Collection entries
────

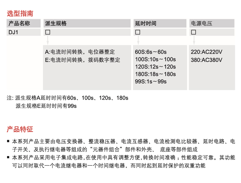 This series of products adopts electronic integrated circuit for convenient adjustment and accurate conversion time with stable and reliable performance. It has dual functions of replacing a current relay and a time relay simultaneously functionally and playing delay protection.
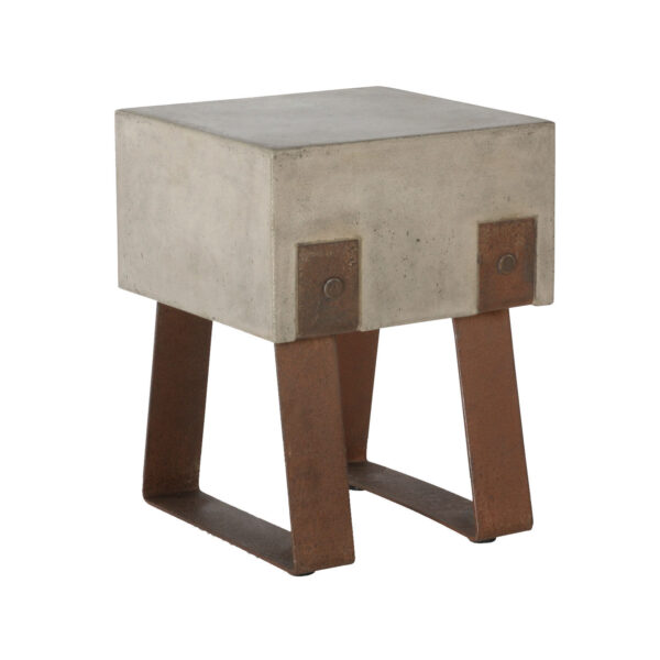Pallen Vader är i betong med ben i rostigt stål. Vader passar både inomhus och utomhus. Vid tillverkning försluts den färdiga möbeln med ett vax för att ge skydd mot fläckar.
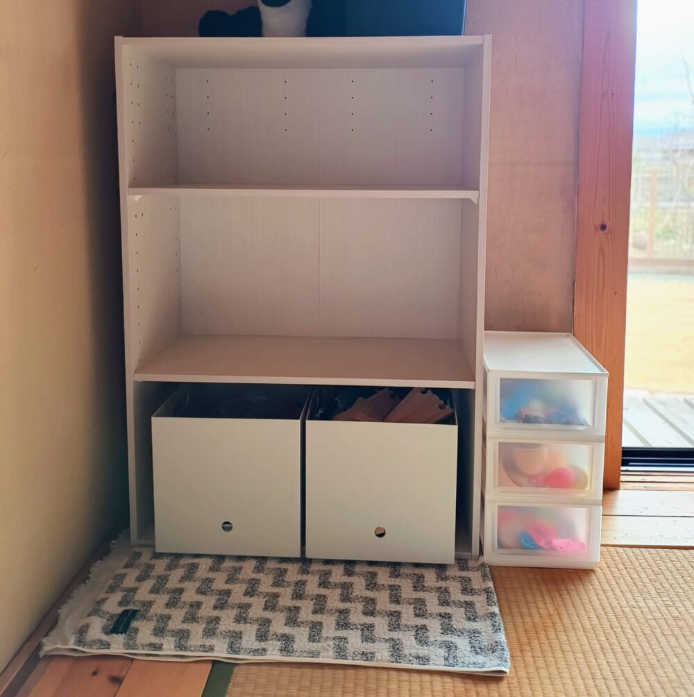 実家に仮住まい中のため、そもそもおもちゃや本を置く場所が決まっておらず
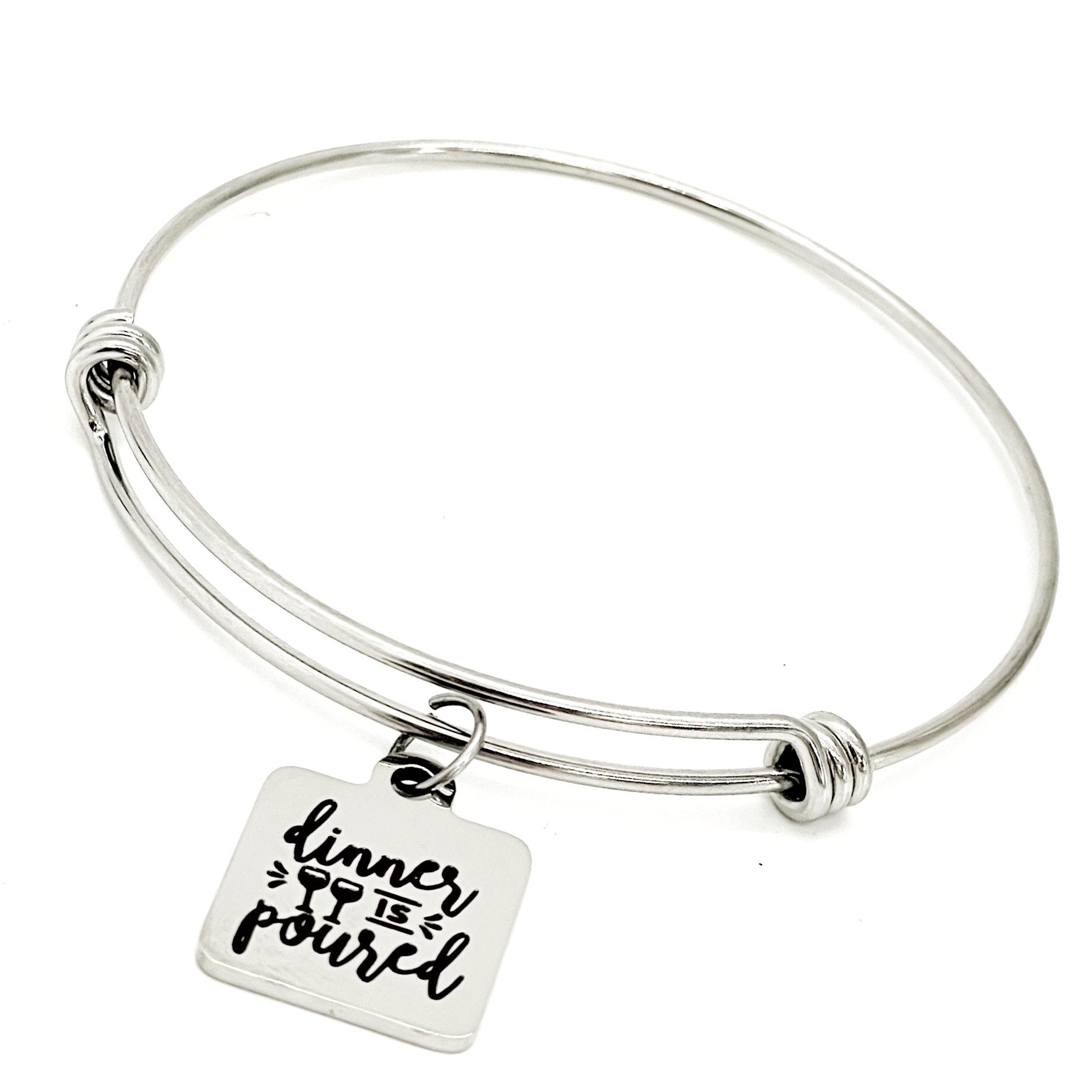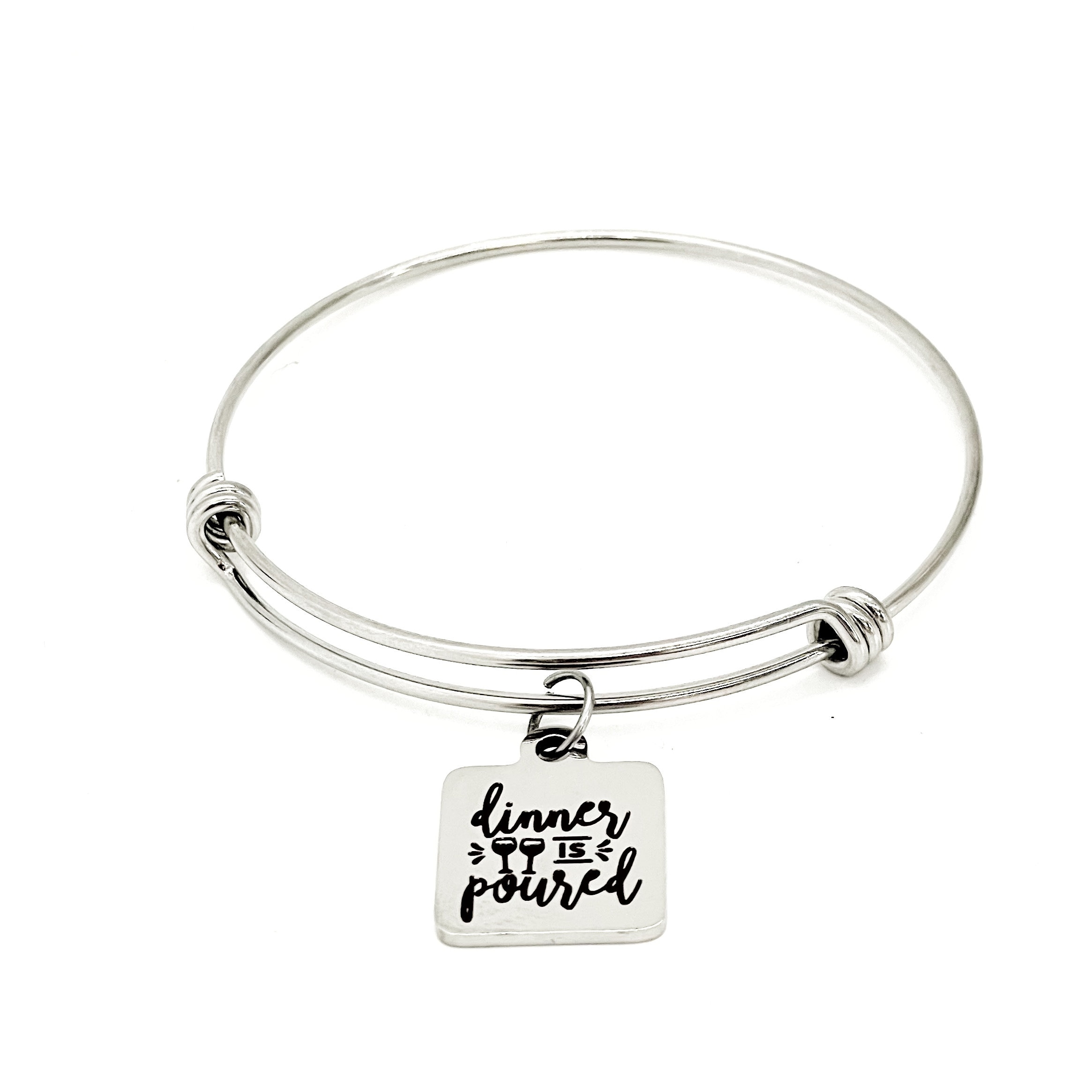 This is a beautiful bangle bracelet with a laser engraved stainless steel charm that has “Dinner is poured” on it.
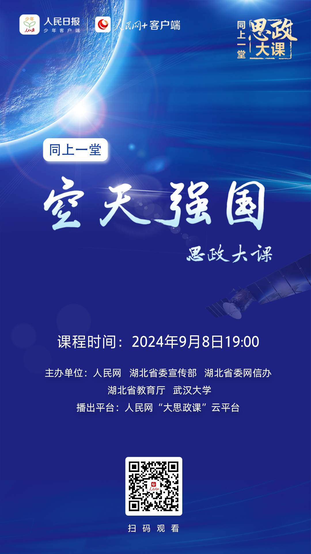 课程视频将于9月8日19:00在“人民网+”客户端及人民日报少年客户端播出,“人民网”微信公众号、“人民网教育”微信公众号、“湖北省教育厅”微信公众号及视频号同步提供学习观看视频。请各单位积极组织师生员工观看。
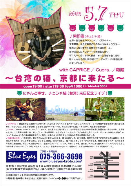 ¢£5·î7Æü(ÌÚ)¡¡¤Ë¤ã¤ó¤È¹¬¤»¡¢¥Á¥§¥·¥ãÇ¡ÊÂæÏÑ¡ËÍèÆüµÇ°¥é¥¤¥Ö¡ª ¡ÁÂæÏѤÎÇ¡¢µþÅÔ¤ËÍ褿¤ë¡Á open19:00/start 19:30/fee¡ï1000 (¡Ü1drink¡ï500) Live¡§¼Æ·´貓¡Ê¥Á¥§¥·¥ãÇ¡Ë/ È¢Äí / CAPRICE / Cuora. ¢ö¼Æ·´貓(¥Á¥§¥·¥ãÇ¡Ë ÂæÏÑ¡¦ÂæË̺߽»¤Î¥·¥ó¥¬¡¼¥½¥ó¥°¥é¥¤¥¿¡¼¡£Å·¿¿à¥Ì¡¡¢¤Þ¤ë¤ÇƸÏäÎÀ¤³¦¤Î¤è¤¦¤Ê¥¥ã¥é¥¯¥¿¡¼¡£Ç¤Î¤è¤¦¤Ê²Ä°¦¤µ¤È¸ÄÀ¤ò»ý¤ÄÇ·Ï¥¬¡¼¥ë¡£¤Û¤Î¤Ü¤Î¤·¤¿¥á¥í¥Ç¥£¡¼¤ò̵¼Ùµ¤¤Ë²Î¤¤¡¢ Ê¿¡¹ËÞ¡¹¤ÎÆü¡¹¤ò¿¼¤¯´Ñ»¡¡¢¤½¤ÎÀ¸³è´¶¤ò¶Ê¤Ë¹þ¤á¡¢Ä°¤¯¿Í¡¹¤Ï¼«Á³¤È¼Æ·´?¤Î¥ï¥ó¥À¡¼¥é¥ó¥É(Ì´Í·Àç¶)¤Ë¿»¤Ã¤Æ¤·¤Þ¤¦
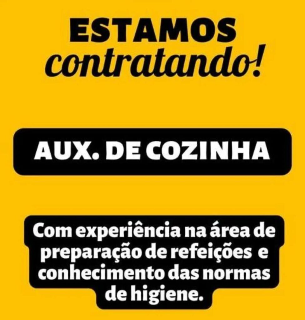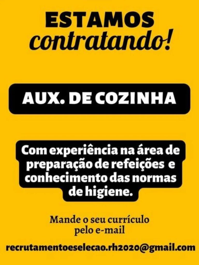 Empresa seleciona Auxiliar de cozinha; Envie seu currículo!
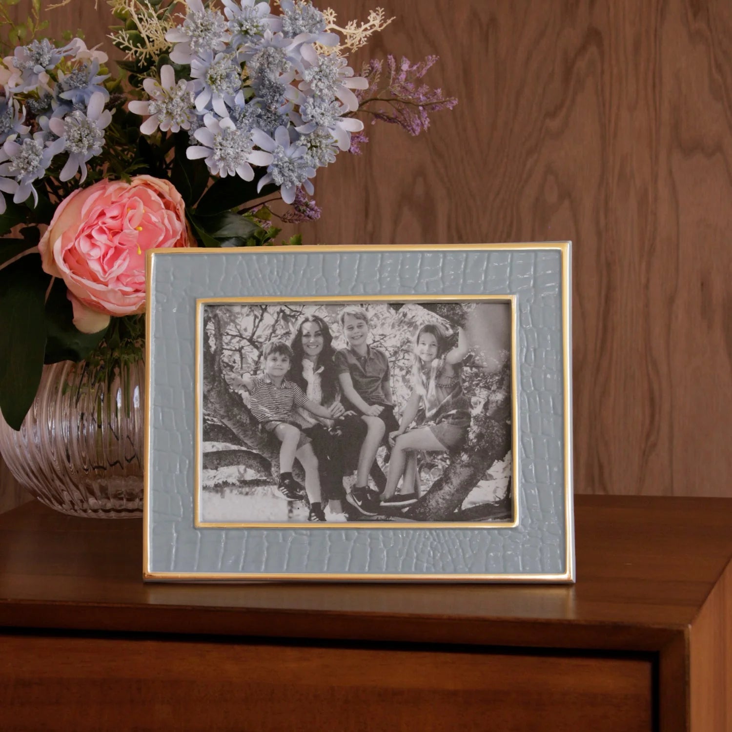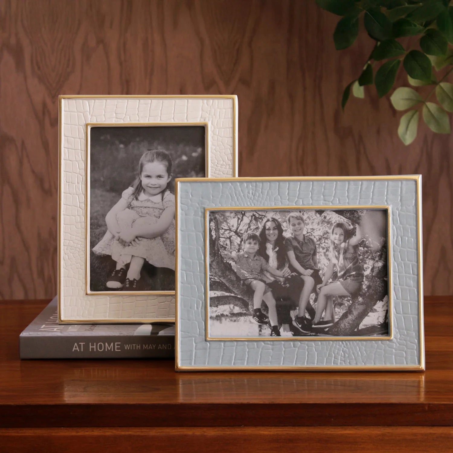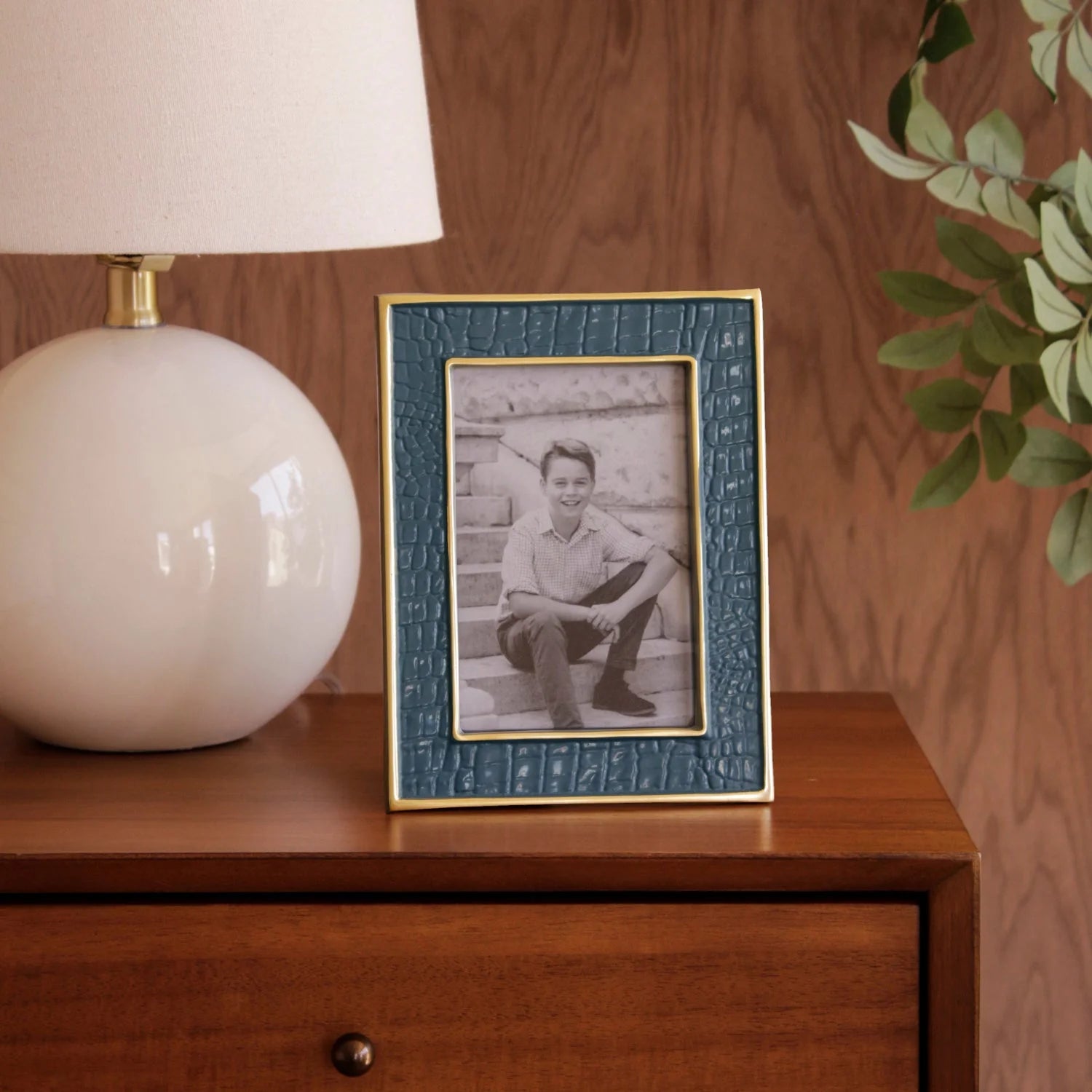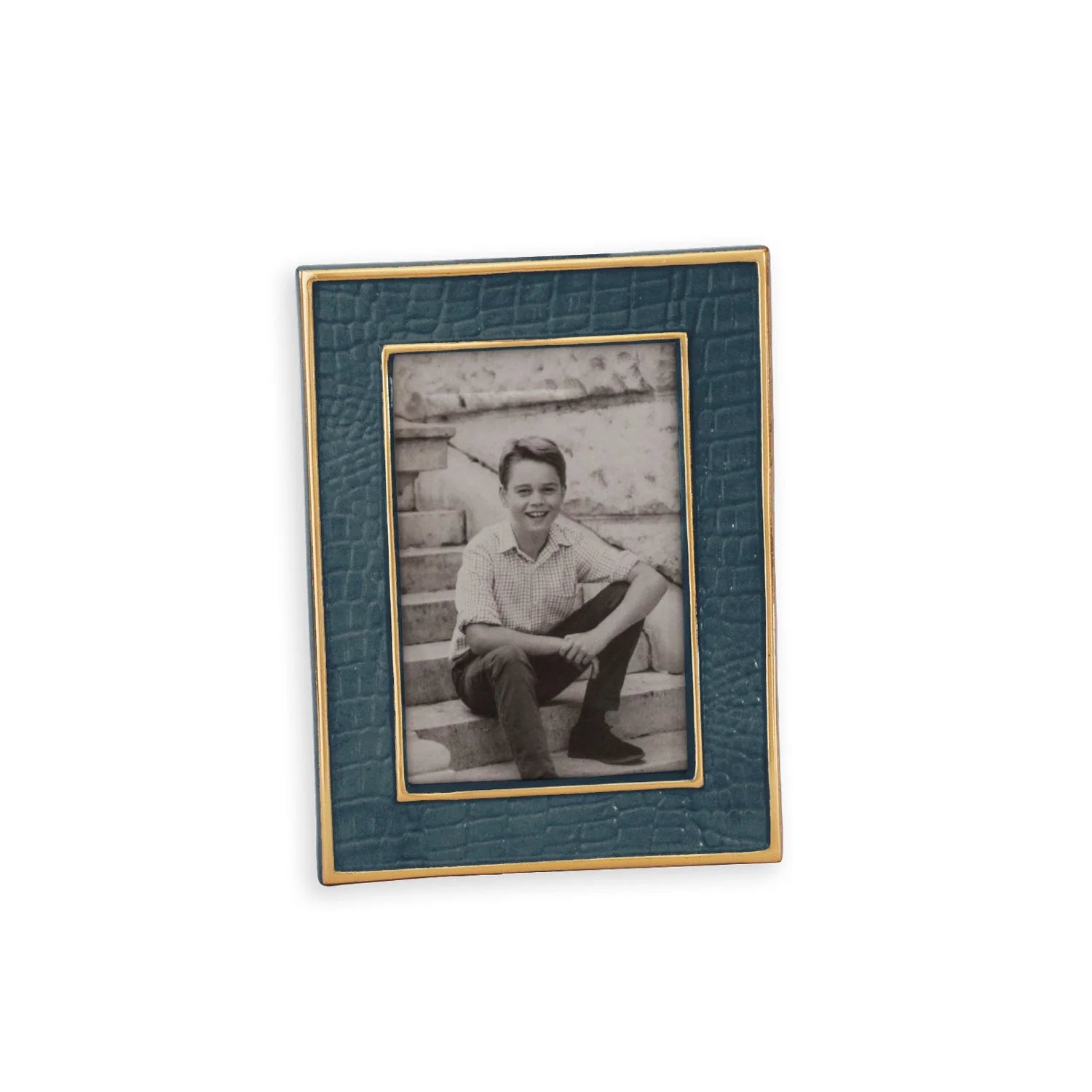 Bold texture meets modern elegance. The Encanto Croc Frame features a richly colored enamel finish with a distinctive crocodile pattern, framed in gold for a striking presentation of your favorite photo. Designed for vertical or horizontal display.

────

→ **ABOUT THIS EXERCISE**:
Set the lines above down again, word for word, from the first through the one containing "课程视频将于9月8日19:0"; pictures excluded.

→ **FINISHED TASK**:
 This series of products adopts electronic integrated circuit for convenient adjustment and accurate conversion time with stable and reliable performance. It has dual functions of replacing a current relay and a time relay simultaneously functionally and playing delay protection.
Pallen Vader är i betong med ben i rostigt stål. Vader passar både inomhus och utomhus. Vid tillverkning försluts den färdiga möbeln med ett vax för att ge skydd mot fläckar.
 実家に仮住まい中のため、そもそもおもちゃや本を置く場所が決まっておらず
 This is a beautiful bangle bracelet with a laser engraved stainless steel charm that has “Dinner is poured” on it.
 课程视频将于9月8日19:00在“人民网+”客户端及人民日报少年客户端播出,“人民网”微信公众号、“人民网教育”微信公众号、“湖北省教育厅”微信公众号及视频号同步提供学习观看视频。请各单位积极组织师生员工观看。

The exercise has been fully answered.